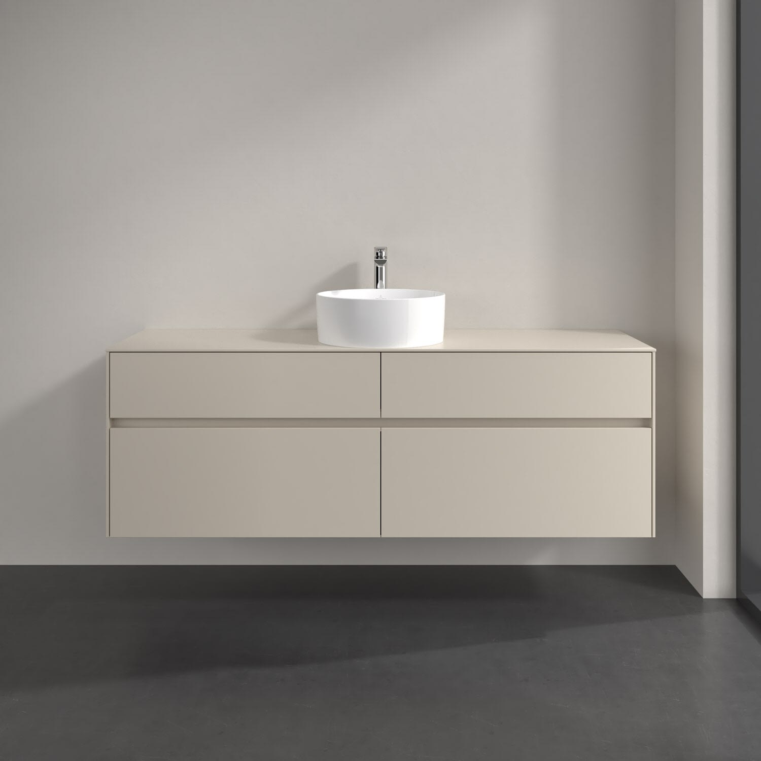 Stauraumwunder im zeitgemäßen Design: Der Villeroy & Boch Waschbeckenunterschrank aus der Collaro Kollektion eignet sich besonders für Familienbäder und bietet genau den Platz, der dort benötigt wird. Stimmungsvolles Highlight der schlichten, modernen Front ist die integrierte Griffmulde mit stufenlos einstellbarer LED-Beleuchtung. Steuern lässt sie sich über einen Touch-Sensor seitlich am Unterschrank. Im Inneren bietet das Möbelstück mit vier Auszügen erstaunlich viel Komfort – ermöglicht durch großzügiges Platzangebot und den integrierten Antirutschboden. Variabel setzbare Glasabtrennungen und mitgelieferte Accessory Boxen sorgen für den nötigen Überblick. Dank SoftClosing und Selbsteinzug lassen sich die Auszüge nach der Nutzung lautlos schließen. Die Front ist mit einer hochwertigen Lackierung versehen, deren Anti-Fingerprint-Oberfläche unschönen Fingerabdrücken vorbeugt.
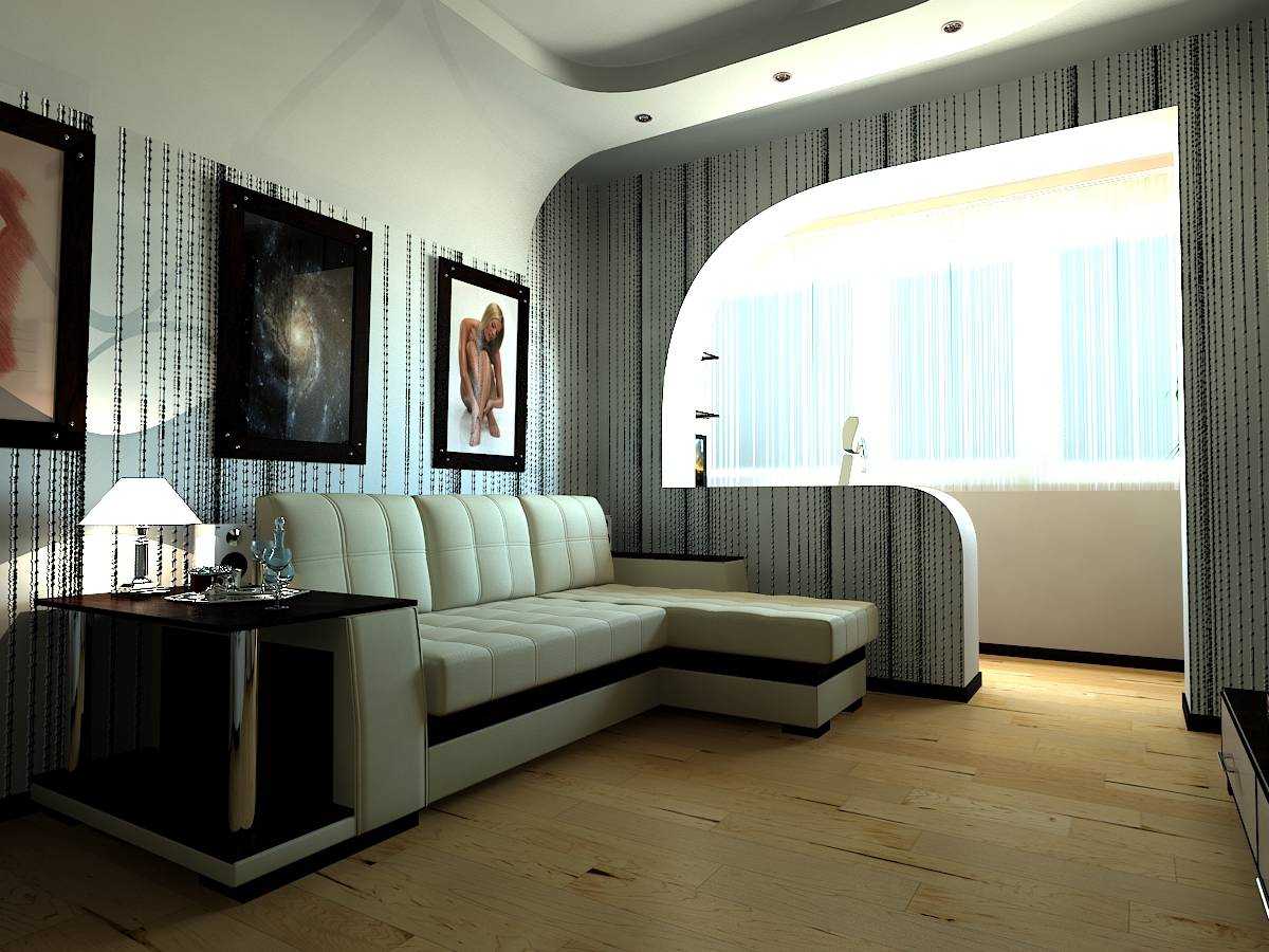 Объединив зал и балкон, вы получите большое пространство для создания гостиной. Чтобы полученное помещение рационально использовалось всеми членами семьи, необходимо в зале расположить телевизор, удобный диван, столик для кофе и журналов. При необходимости одну из частей можно отгородить ширмой и создать там детский уголок. Если один из членов семьи работает на дому, на лоджии, можно организовать удобное рабочее место.
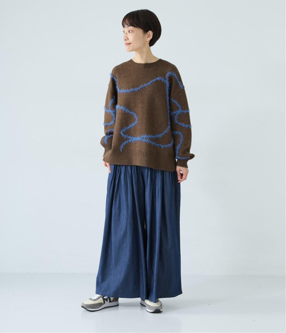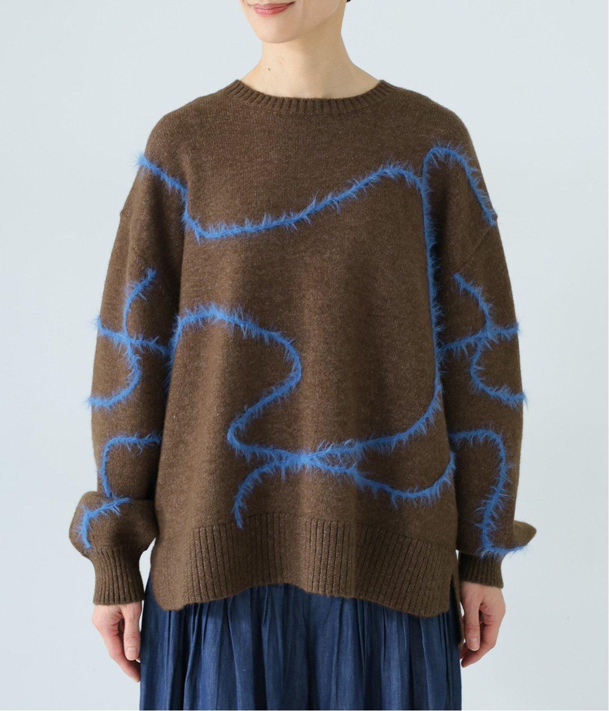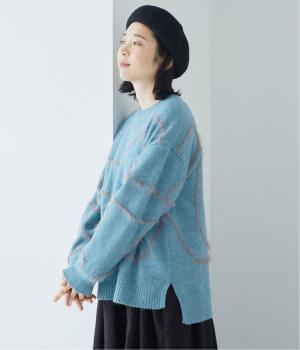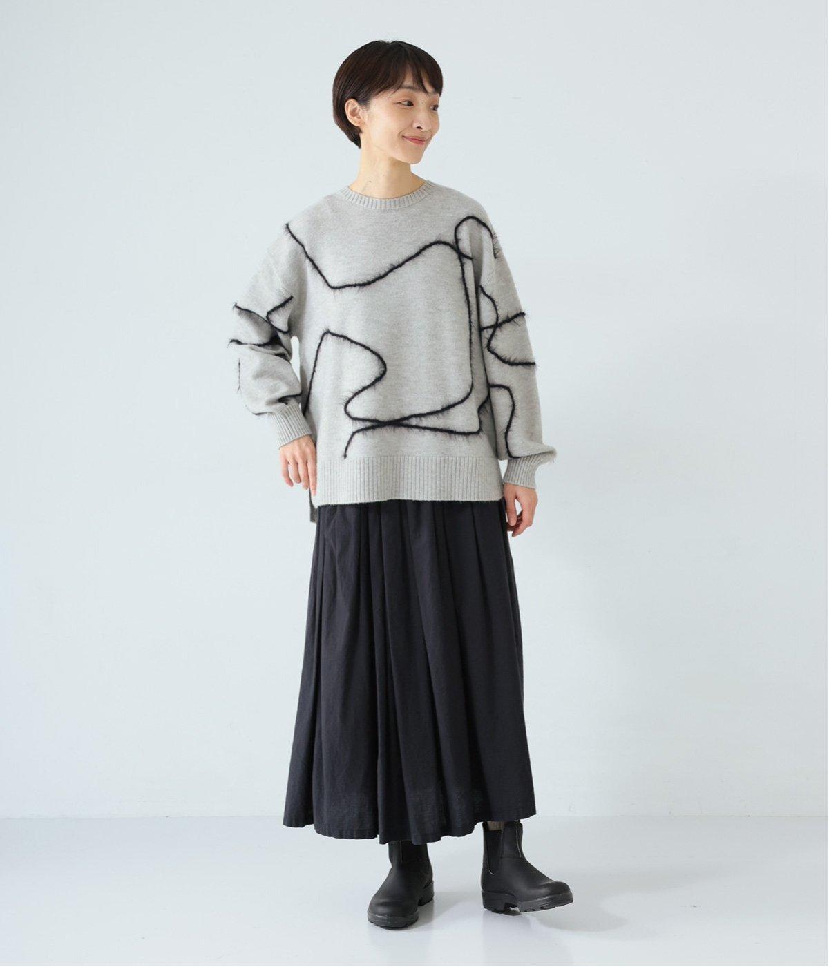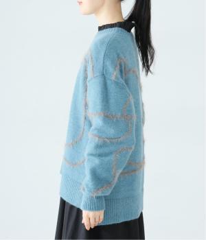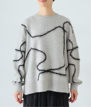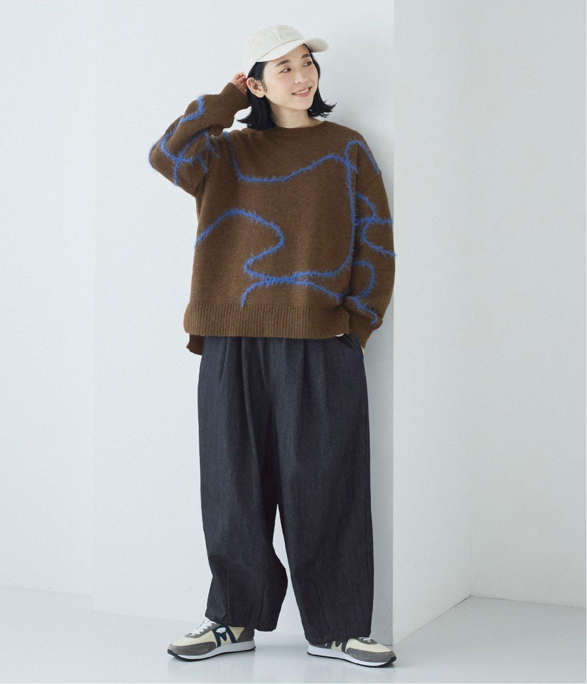 ニット全体にデザインされたラインが目を引くトップス。落ち着いた配色で、コーディネートになじみながらもほどよく存在感を放ちます。ドロップショルダーから成るゆったりとした身幅でこなれた印象に。前後差のある着丈とサイドスリットもポイントです。
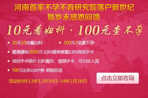 [导读]: 河南不孕不育研究院落户新世纪暨岁末感恩回馈 10元看妇科100元查不孕 活动时间:12月30日-1月29日 为庆祝河南不孕不育研究院郑州市新世纪不孕不育研究院落户新世纪,以及感 ...
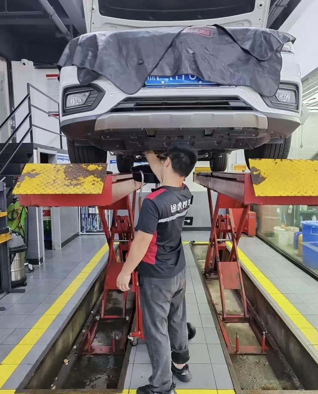 接下来就是全车的检查,包括了刹车油、防冻液、玻璃水这些,哪里不够就补哪里,如果含水率是达标的就不需要更换。师傅将我的胎压全部调整到2.3bar,还检查了轮胎的纹路、鼓包等问题,接着检查了我的底盘,发动机和变速箱也都没有漏油的情况,整体来看情况还是很好的。
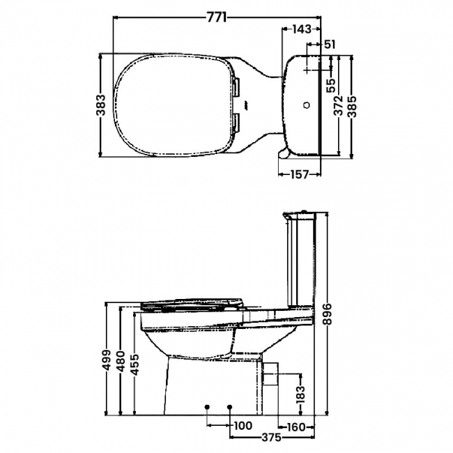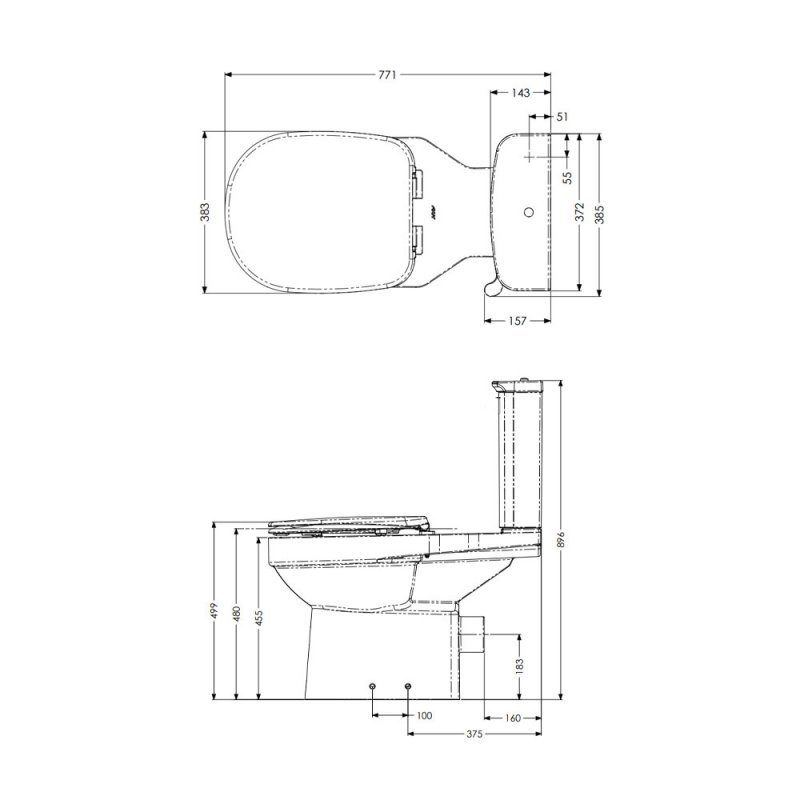 • 480mm raised-height toilet pan (height with seat affixed) complies with Doc M guidelines and makes it easier for less mobile users to lower/rise from the toilet
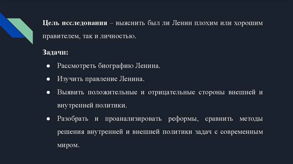 Цель исследования – выяснить был ли Ленин плохим или хорошимправителем, так и личностью.
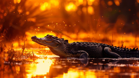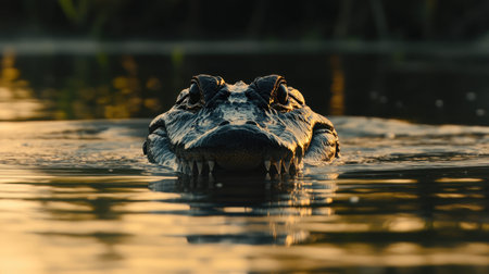 A captivating close-up of an alligator emerging from the water at sunrise, showcasing its powerful jaws and reflective eyes in a serene natural setting.
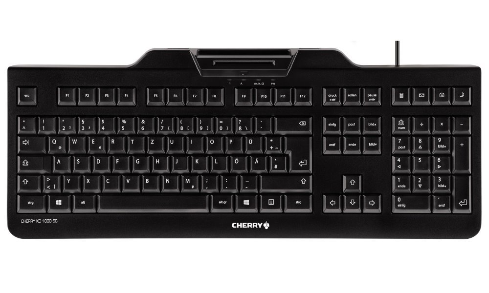 Klávesnice vybavená integrovanou čtečkou karet formátu ISO 7816. Připojení klávesnice přes USB kabel délky 1,8 m.
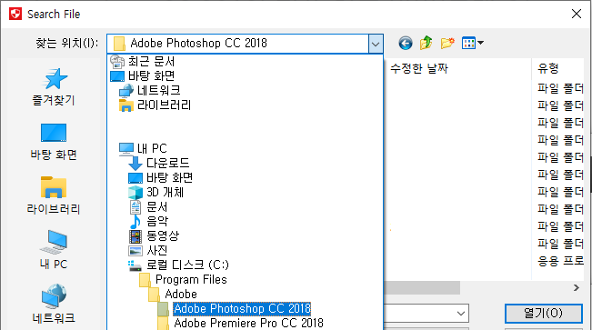 ▶ 로컬디스크 (C:) → Program Files → Adobe → Adobe Photoshop CC 2018

(DESCRIPTION OF THE TASK):
Print exactly the lines from the one containing "Цель исследования –" through the last line of the records, both included, and leave out the pictures.

(FINISHED TASK):
 Цель исследования – выяснить был ли Ленин плохим или хорошимправителем, так и личностью.
 A captivating close-up of an alligator emerging from the water at sunrise, showcasing its powerful jaws and reflective eyes in a serene natural setting.
 Klávesnice vybavená integrovanou čtečkou karet formátu ISO 7816. Připojení klávesnice přes USB kabel délky 1,8 m.
 ▶ 로컬디스크 (C:) → Program Files → Adobe → Adobe Photoshop CC 2018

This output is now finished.